Quickstart [Experimental]¶
Experimental Feature
This feature is experimental and may change in future versions. Use with caution in production environments.
This quickstart guide shows you how to create your first bidirectional streaming agent for real-time audio and text conversations. You'll learn how to set up audio I/O, handle streaming events, use tools during conversations, and work with different model providers.
After completing this guide, you can build voice assistants, interactive chatbots, multi-modal applications, and integrate bidirectional streaming with web servers or custom I/O channels.
Prerequisites¶
Before starting, ensure you have:
- Python 3.12+ installed
- Audio hardware (microphone and speakers) for voice conversations
- Model provider credentials configured (AWS, OpenAI, or Google)
Install the SDK¶
Bidirectional streaming is included in the Strands Agents SDK as an experimental feature. Install the SDK with bidirectional streaming support:
For All Providers¶
To install with support for all bidirectional streaming providers:
pip install "strands-agents[bidi-all]"
This will install PyAudio for audio I/O and all 3 supported providers (Nova Sonic, OpenAI, and Gemini Live).
For Specific Providers¶
You can also install support for specific providers only:
pip install "strands-agents[bidi]"
pip install "strands-agents[bidi,bidi-openai]"

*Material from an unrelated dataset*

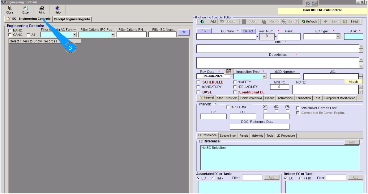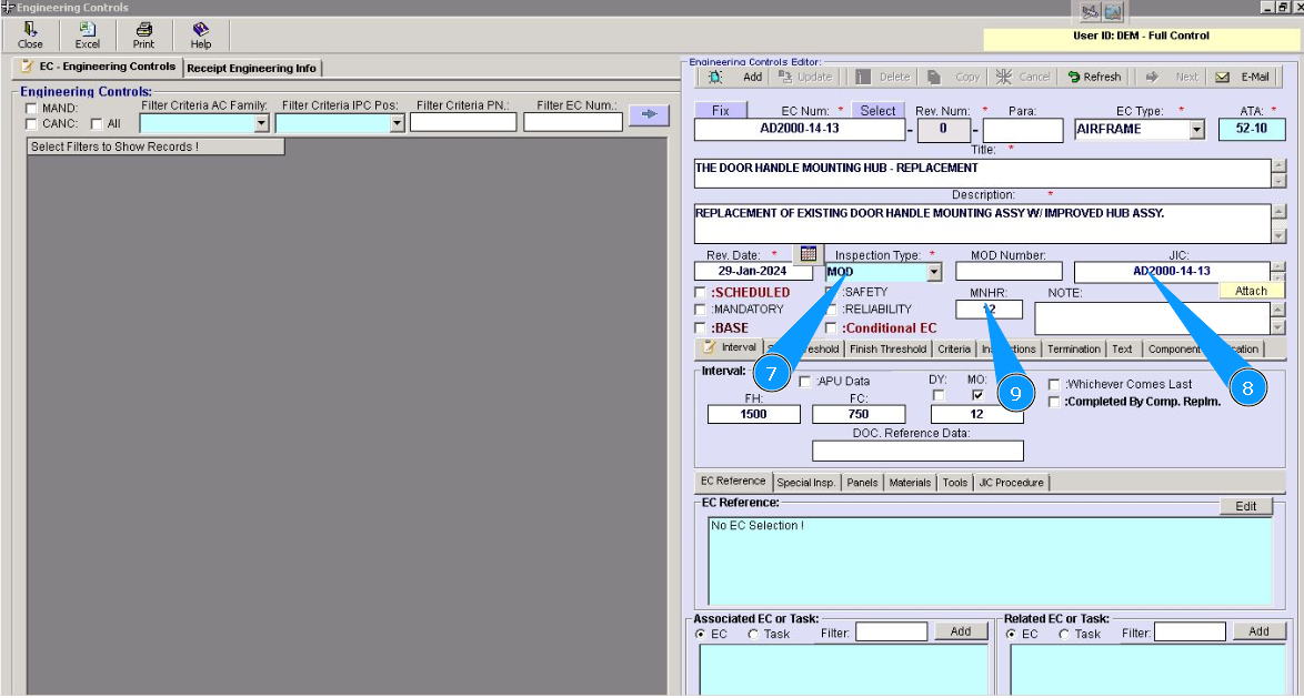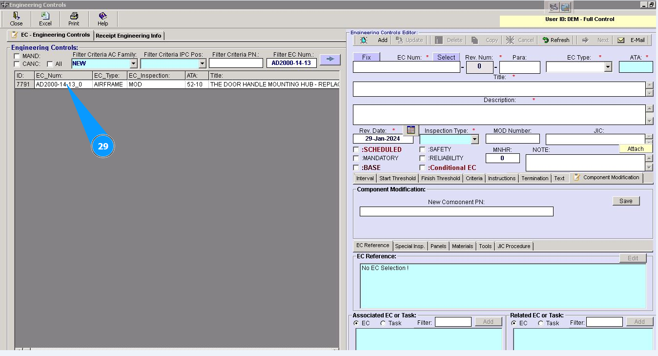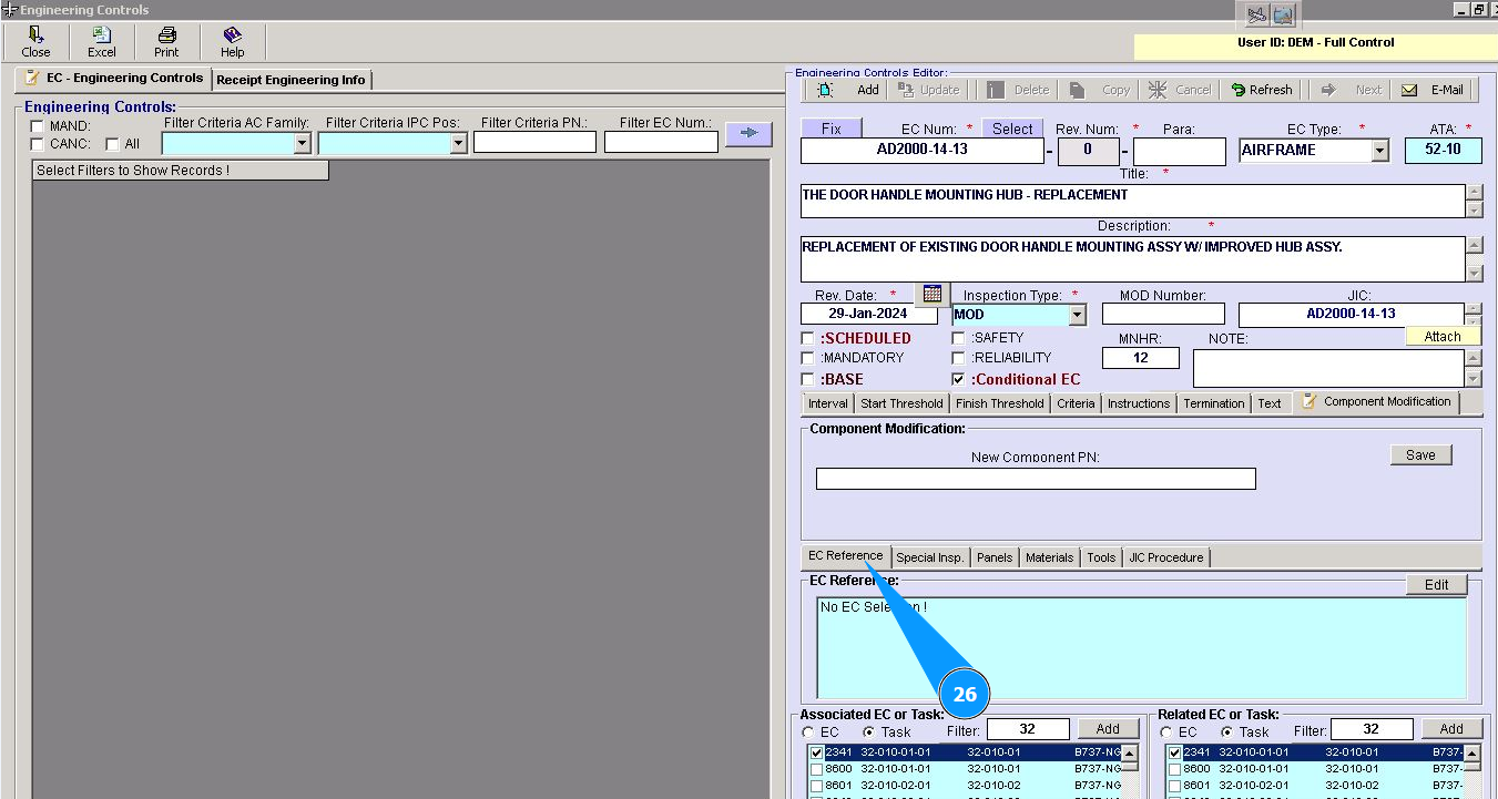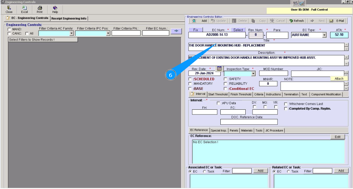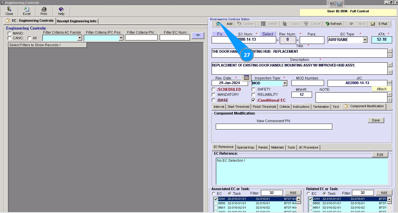6. Check that preliminary information about EC is presented on the screen and that it is corrected in the fields: "EC Num", "Rev. Num", "EC Type", "ATA", "Title","Description", "Rev.Date.".

pip install "strands-agents[bidi,bidi-gemini]"
Platform-Specific Audio Setup¶
brew install portaudio
pip install "strands-agents[bidi-all]"
sudo apt-get install portaudio19-dev python3-pyaudio
pip install "strands-agents[bidi-all]"
PyAudio typically installs without additional dependencies.
pip install "strands-agents[bidi-all]"
Configuring Credentials¶
Bidirectional streaming supports multiple model providers. Choose one based on your needs:
Nova Sonic is Amazon's bidirectional streaming model. Configure AWS credentials:
export AWS_ACCESS_KEY_ID=your_access_key
export AWS_SECRET_ACCESS_KEY=your_secret_key
export AWS_DEFAULT_REGION=us-east-1
Enable Nova Sonic model access in the Amazon Bedrock console.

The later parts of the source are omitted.